Claude Code との連携
Claude Design で作ったデザインは、絵のままで終わりません。ふだんお使いの Claude Code に引き渡すと、そのまま本物の Web ページやアプリに育てられます。この章では、デザインとコードを行き来させる2つの連携方法を学びます。
- デザインを Claude Code に引き渡す「Hand off to Claude Code(クロードコードへ引き継ぐ)」を使える
- 引き継ぎ書一式(バンドル)に何が入っているかを説明できる
- Claude Code 側の
/design-syncで、自分のサイトの色や部品を Claude Design に取り込める - 取り込んだ決まりごとを、いつ更新し直すべきか判断できる
下絵が、そのまま本物になる
これまでの章で作ってきたデザインは、いわば「よくできた下絵」です。見た目は本物そっくりですが、まだインターネット上で公開されて動く Web ページではありません。

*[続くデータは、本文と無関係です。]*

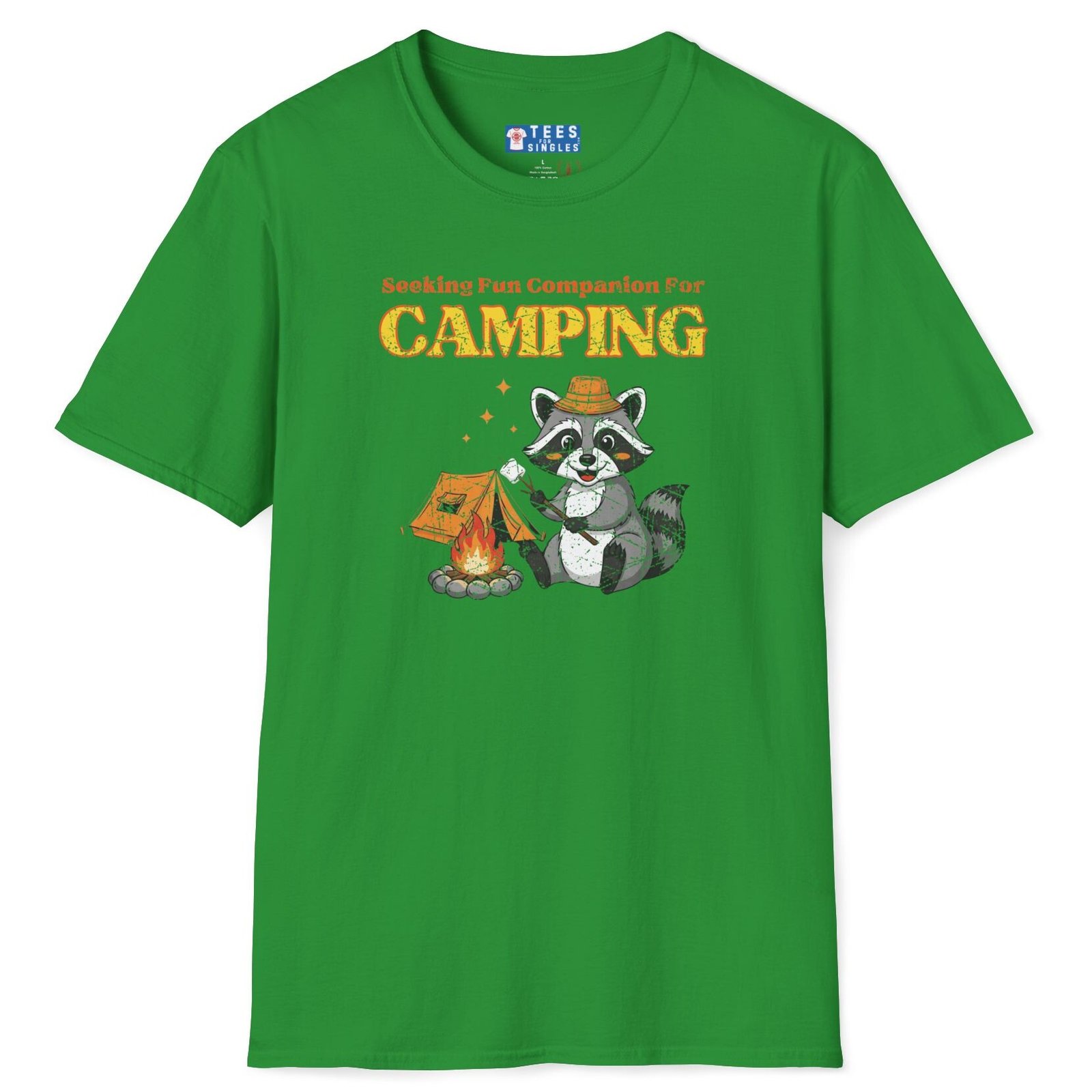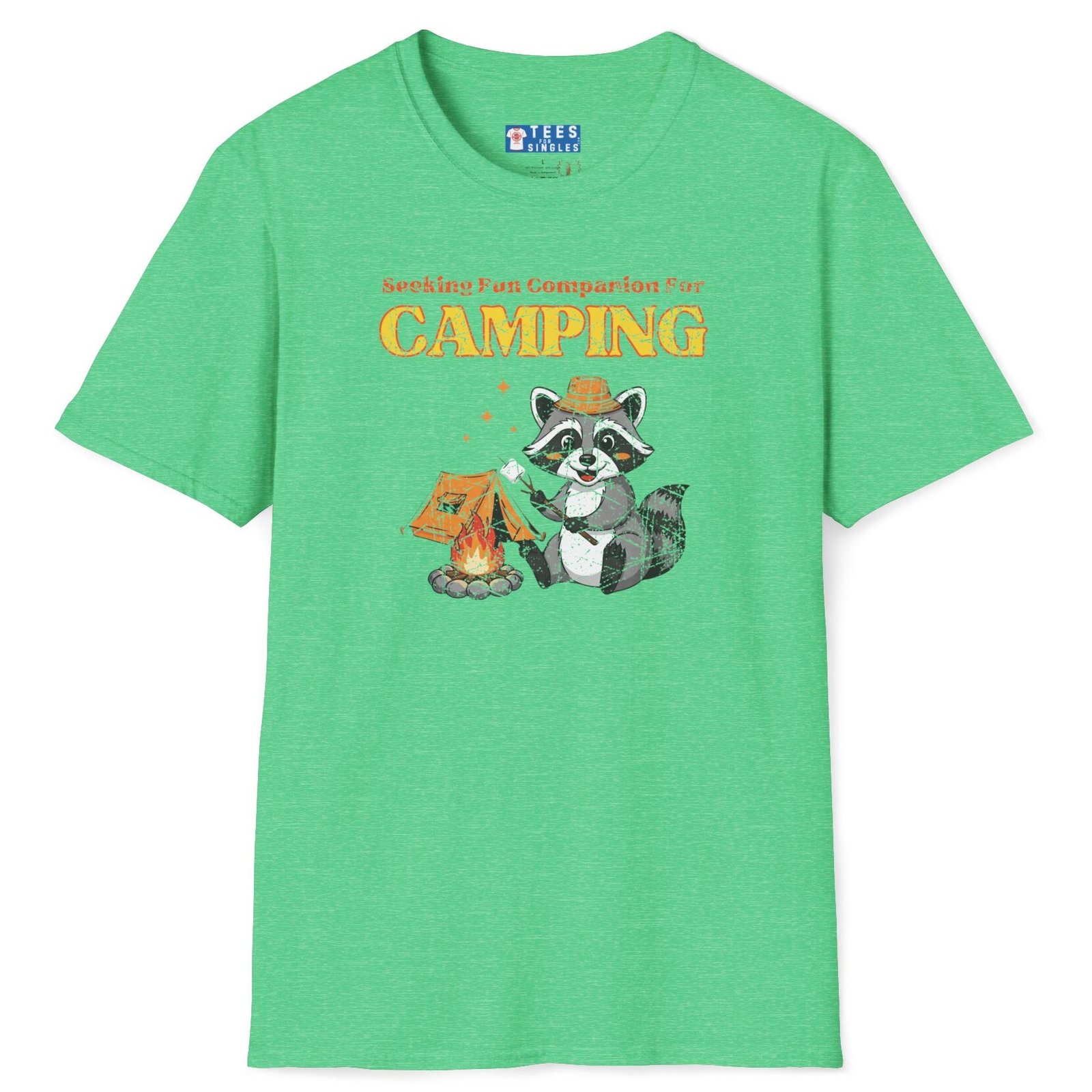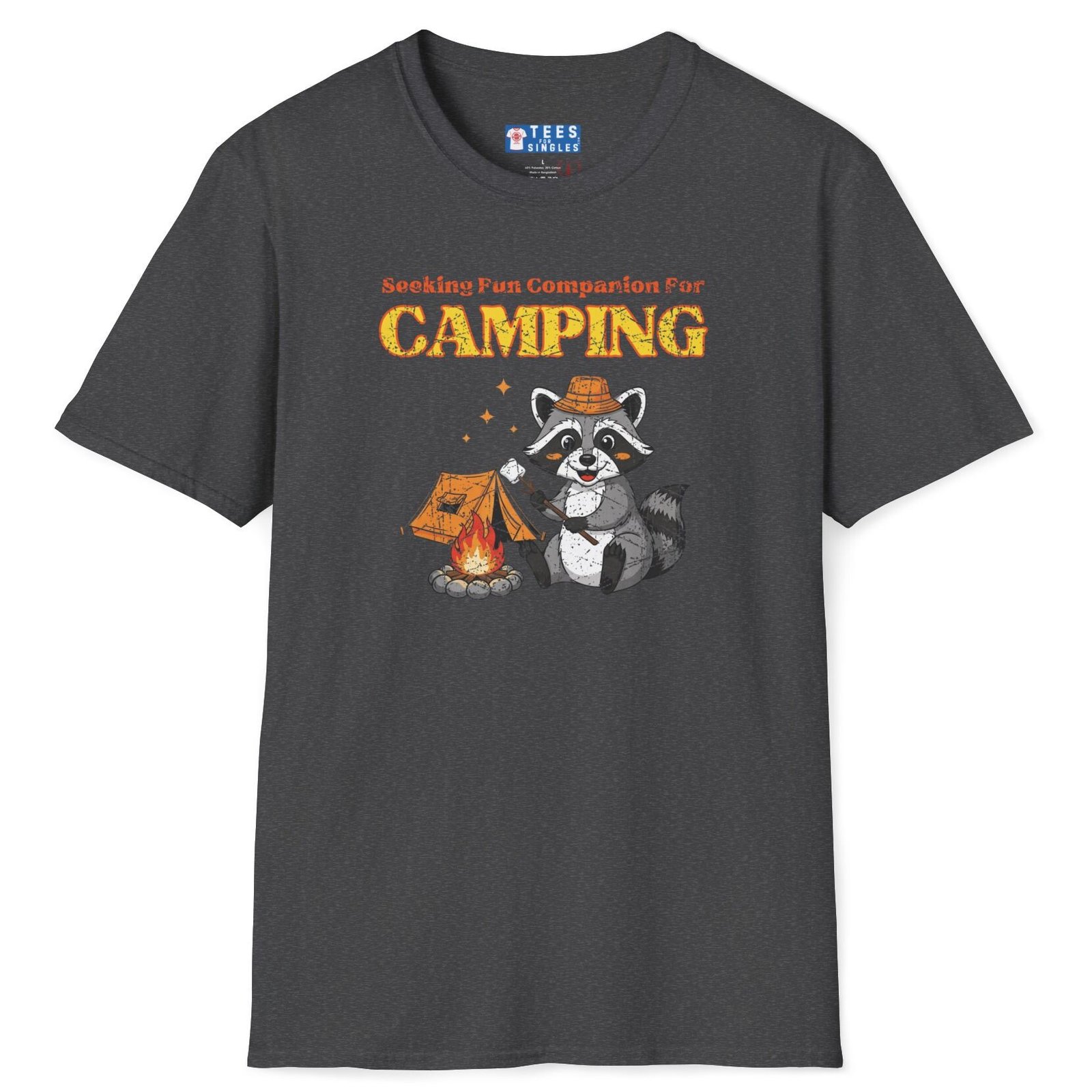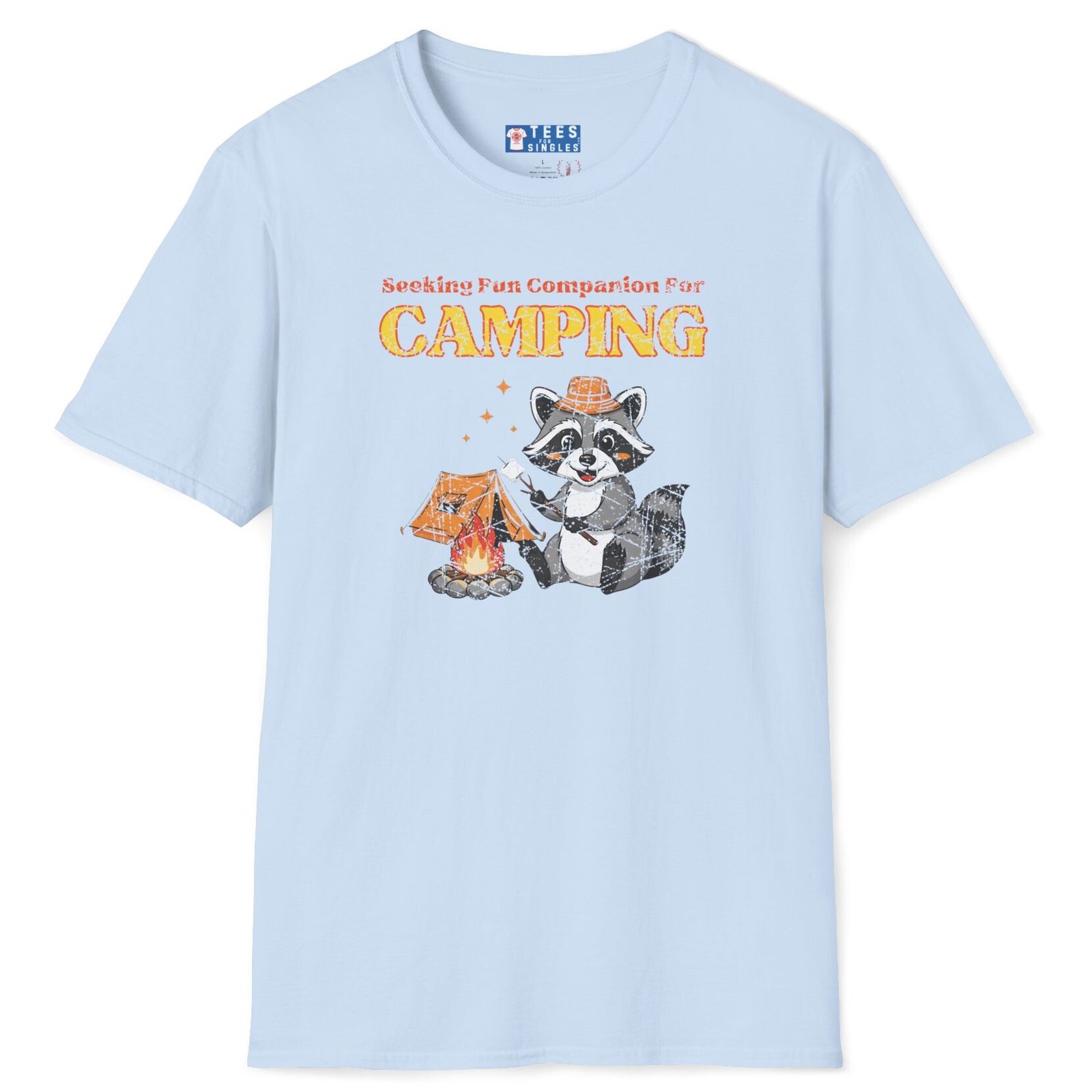 Keywords/Tags: camping shirt, funny camping tee, seeking fun companion shirt, raccoon campfire t-shirt, outdoor lovers tee, conversation starter shirt, flirty camping tee, s’mores shirt, post covid dating shirt, premium lightweight cotton tee, adventure dating shirt

この下絵を本物にするのが Claude Code です。藤川さんはすでに Claude Code を日常的に使っていますから、新しい道具は何も要りません。Claude Design と Claude Code は、次の2方向でつながっています。
| 方向 | やること | 使う機能 |
|---|---|---|
| デザイン → コード | Claude Design で作った下絵を、Claude Code に渡して本物のページとして実装してもらう | Export(書き出し)内の Hand off to Claude Code(クロードコードへ引き継ぐ) |
| コード → デザイン | 手元のプログラム一式から色・文字・部品の決まりを Claude Design に取り込む | Claude Code 側の /design-sync(デザイン同期の合図) |
この2方向がそろっているので「デザインで下絵を描く → コードで実装する → 実装した結果をまたデザインに反映する」という往復ができます。まずはデザイン → コードの方向から見ていきましょう。
Design → Code:デザインを引き渡す
Hand off to Claude Code とは
第8章(書き出しと共有)で学んだ Export(書き出し)メニューには、PDF や PPTX と並んで Hand off to Claude Code(クロードコードへ引き継ぐ) という項目があります。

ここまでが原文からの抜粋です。